# Been really busy, but I am back!



## committed2excellence (May 2, 2011)

HI all. It's been a while since I posted. My schedule has been pretty crazy as of late. The dogs are doing well and performed near flawlessly this year. Boogieman earned his ADBA Ace title and I think he is ranked #2 or #3 in the country in ADBA weight pull at the moment. He has been off for the last month since his last pull. I am working on getting him ready for all of the weight pull nationals in the fall and also for his BH and IPO1. Boogieman also earned his IWPA(International Weight Pull Association) WDS(Working Dog Superior) title and finished as the number 1 dog in his weight class in our region and qualified for nationals. Boogieman earned four CPE agility titles earlier in the year and points towards a couple of others. Boogieman finally earned his last leg of his Dock Dogs Speed Retrieve title. I had schedule conflicts over the last year and a half and kept missing opportunities to trial.
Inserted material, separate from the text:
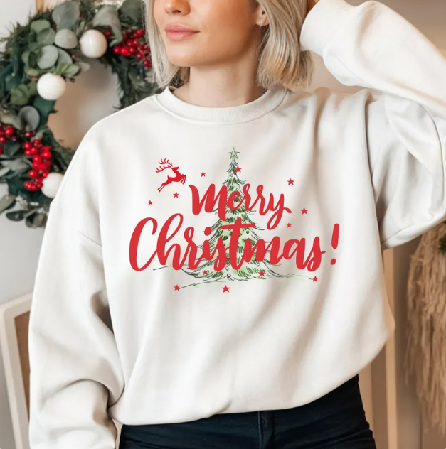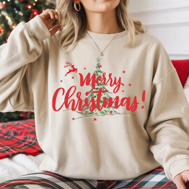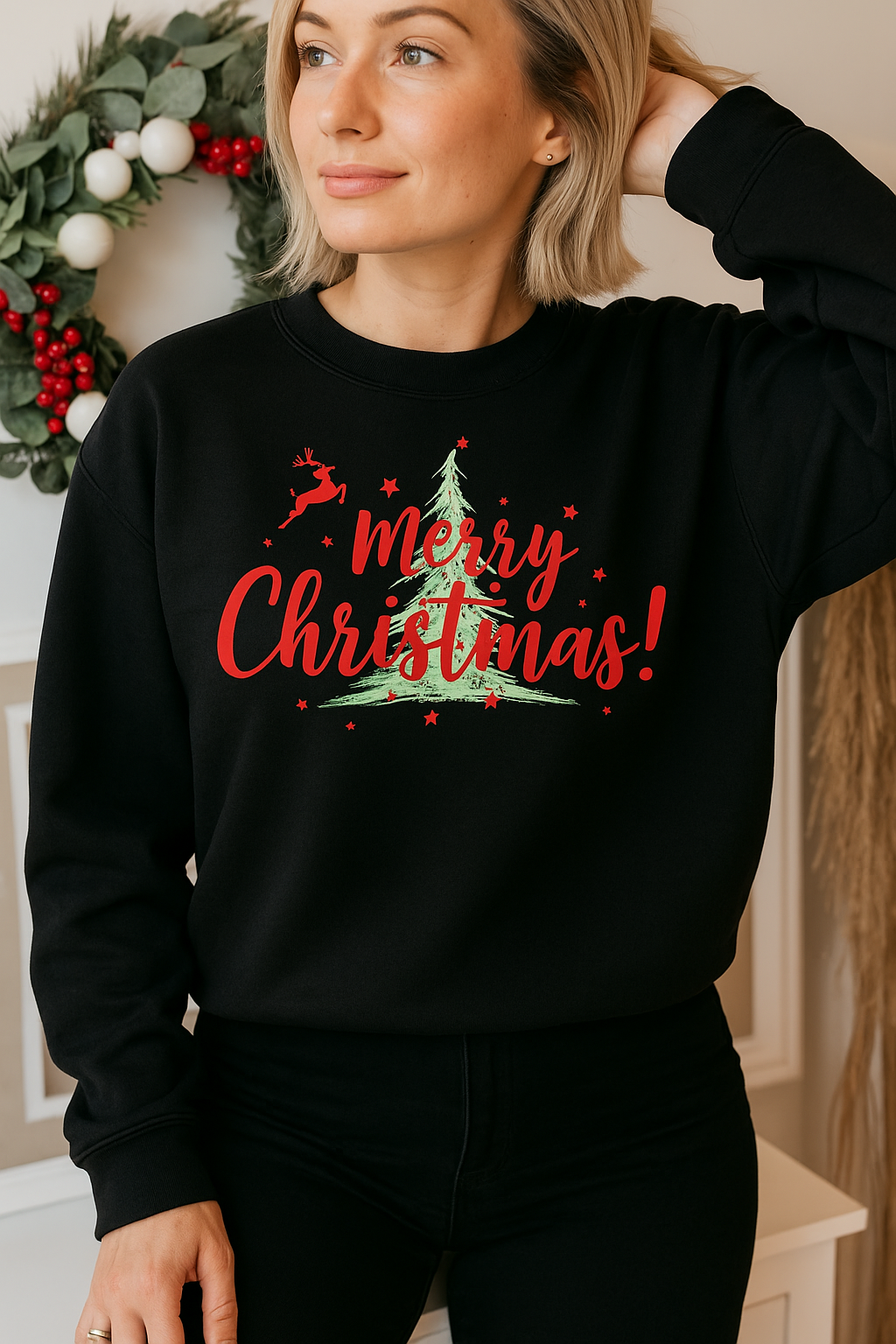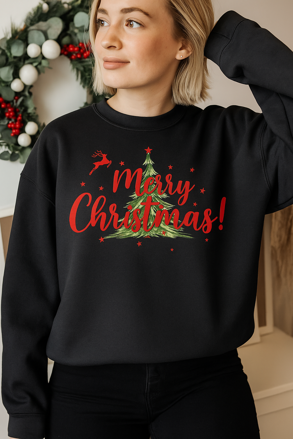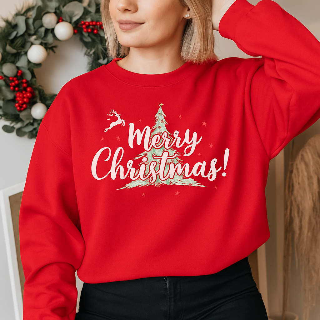 Spread the joy of the holiday season with our Merry Christmas Sweatshirt! Featuring a charming Christmas tree and reindeer design in vibrant red and green tones, this cozy pullover is perfect for celebrating the most wonderful time of the year. Made from a soft cotton-polyester blend, it offers warmth, comfort, and durability — ideal for chilly winter days, Christmas parties, or family gatherings. With its relaxed unisex fit, this sweatshirt brings both festive spirit and all-day coziness to your holiday wardrobe.

The GPA(Global Pulling Alliance) Weight Pull Champion title was the most recent title that he earned; I think. UKC's youngest Super Dog Osy earned his Rally 3 and his working on his Rally Champion title. He will also be competing in Open and Utility obedience later on this year. Osy also earned his IWPA(International Weight Pull Association) WDS(Working Dog Superior) title and finished as the number 1 dog in his weight class in our region and qualified for nationals. The event was in Canada and we weren't able to make it. Osy is earning points towards his Ultimate Air Dogs Senior Jumper Grand Champion title as well. I was honored to have both of my guys featured in the American Pit Bull Terrier magazine put out by Dog Fancy. Oh, I almost forgot. I was recently named Executive Director of Treat em Right Rescue here in Houston. We are the only APBT no kill rescue in town with a brick and mortar location. Check us out at www.treatemright.org! I hope that everyone is well. Here are a few pictures of the guys. Enjoy:








]


----------



## NutroGeoff (May 15, 2013)

Oh wow! That is such a muscular dog! You sure take great care of him! Very good looking dog!


----------



## lauren43 (Feb 6, 2011)

SO happy to see you're back! Congrats on the titles with Boogieman!!! I know that is no easy feat, my dog (who fully enjoys pulling me on a walk) cannot currently grasp, pulling for sport. But we will stick with it and see what happens.

One of our other members (can't remember who) said they saw you and Boogie in that magazine!!! Excellent job!!


----------



## kathylcsw (Jul 31, 2011)

That is an absolutely amazing looking dog! Congratulations on your success.


----------



## committed2excellence (May 2, 2011)

Thanks! It's good to be back


----------